First, let’s look at how we find the Facebook and Twitter links from the homepage. They’re buried down at the bottom of the page, which is fine because they’re with the other contact information, but both the Facebook and Twitter icons are blue. This wouldn’t be a big deal, if the footer that they’re embedded in wasn’t also blue. I must admit that it took me a moment to find them, as they didn’t stand out as well as those listed on the page of the State Library of Russia, for example. Perhaps it’s the contrast on my laptop screen, but I’m pretty sure one of the big tips we were given (and graded on!) for LIBR 500 was to ensure that our webpages were easy to read and the colours didn’t detract from readability. This is not easy to read. For shame, Seattle!

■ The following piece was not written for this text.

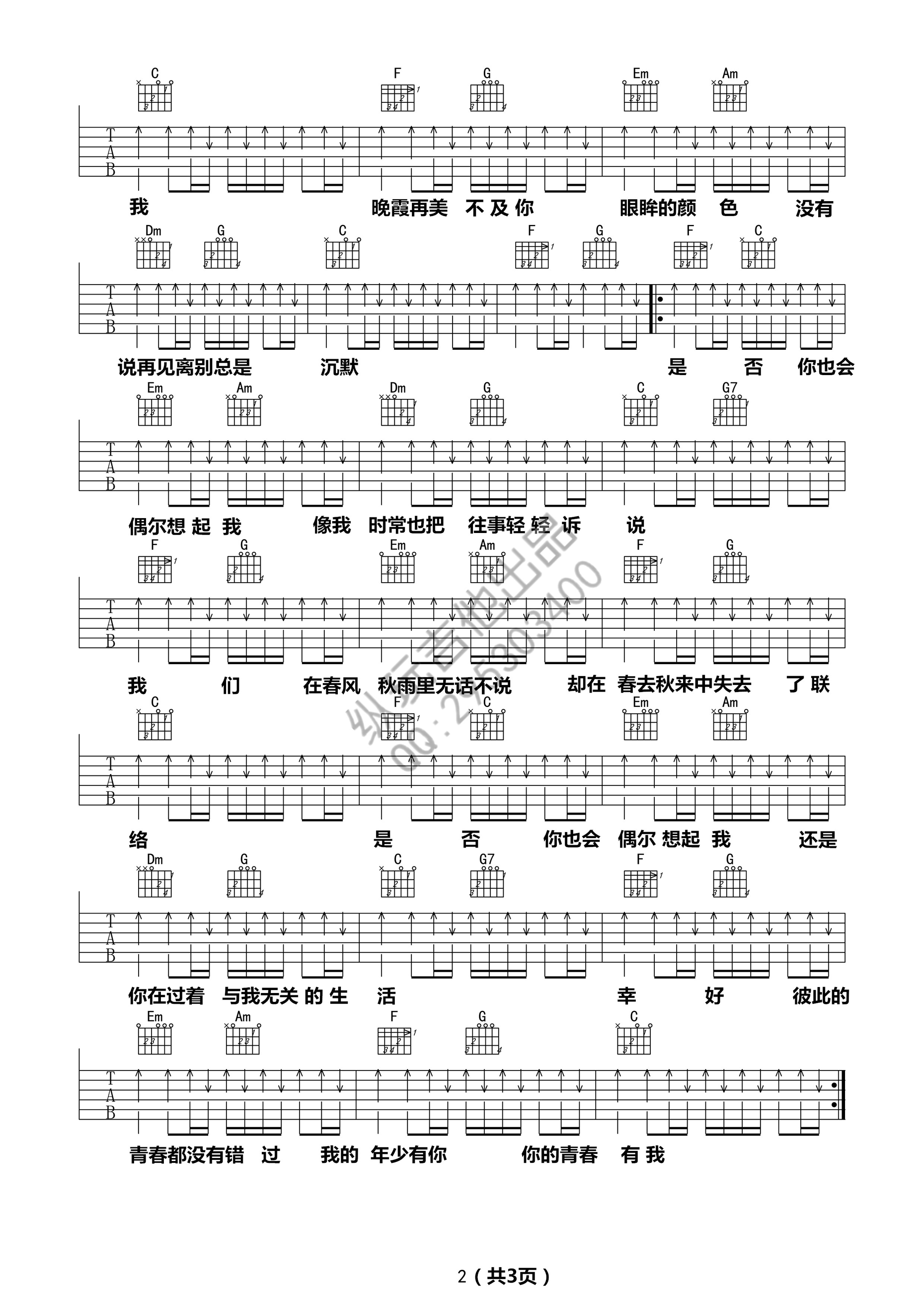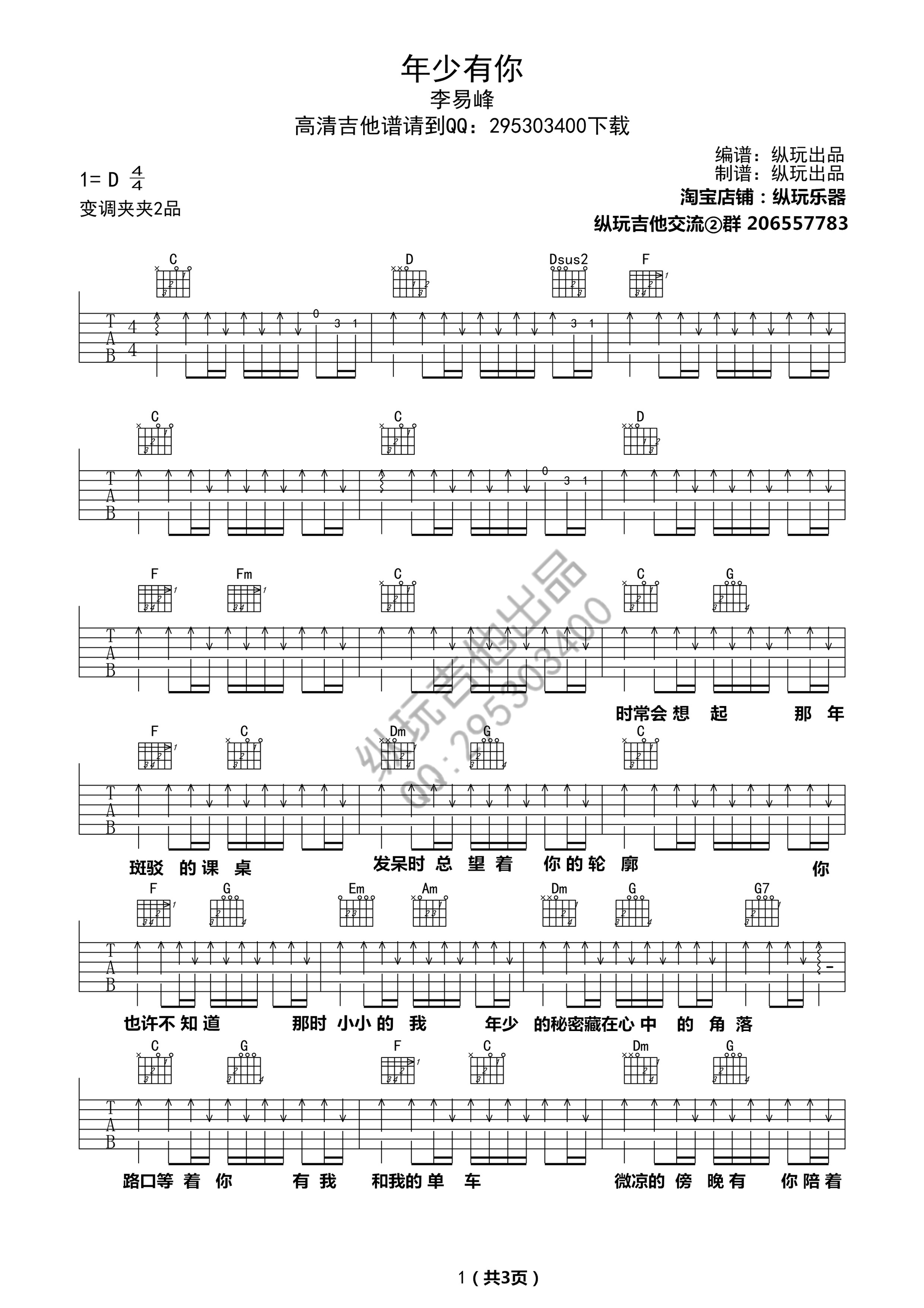 曲谱介绍: 李易峰《年少有你》吉他弹唱谱,采用D调指法编配原版,共有3张高清图谱。

Anyways, once a user locates the links, they’re easy to use. One click and you land on the Facebook page. Let’s explore further, shall we? The cool thing about the Seattle page, is that they have a link to “ask a librarian” directly on the Facebook Timeline. Nice work, SPL! As Meredith Farkas noted in her 2011 lecture “Going Where Your Patrons Are“, “there’s a big difference between ‘being where our users are’ and being USEFUL to our users where they are.'” This is a prime example of the latter. Another great thing about their use of Timeline is that they are replying to posts that have nothing to do with the library but everything to do with books. It’s nice to see them engaging in conversations with their patrons, as both Andy Burkhardt (Information Tyrannosaur) and Sarah Milstein (Information Today) have remarked that it is important to use social media as a tool to facilitate conversation.
Moving on over to the Twitter page, we see more blue, but this time it’s legible. Oddly enough, SPL’s logo looks a lot like that of Continental Airlines, but it’s nice to see that they’ve got it placed prominently on the Twitter page. The “about us” blurb is probably one of those most descriptive and personable ones I’ve seen yet, and it still manages to include contact information within the limitations of 140 characters. They follow over 200 other accounts and have a massive 2,232 followers! This is obviously a library that’s doing something right. They tweet almost every day, and respond promptly to patrons’ concerns. It’s nice to see that they’re easily findable on Twitter by having “SPL” in their Twitter handle, but they’ve jazzed it up a bit by calling themselves “SPLBuzz”. The SPL really takes Sarah Milstein and Information Today‘s advice to heart: “do treat Twitter as a conversation rather than a broadcast medium.”
What I really like about this Twitter account is that they tweet about their bookmobile for housebound patrons. This is great! Why don’t other libraries mention this on their Twitter feeds? Maybe they do, but I certainly didn’t see it anywhere else. I find it a very inclusive move on the part of the SPL, and it’s nice to see that not only have they tweeting about events that take place at the library, they’re updating patrons who can’t get to the branch about events that affect them. They have everything from how to place a hold, to events, to the bookmobile to where to access interviews that might be of interest to patrons.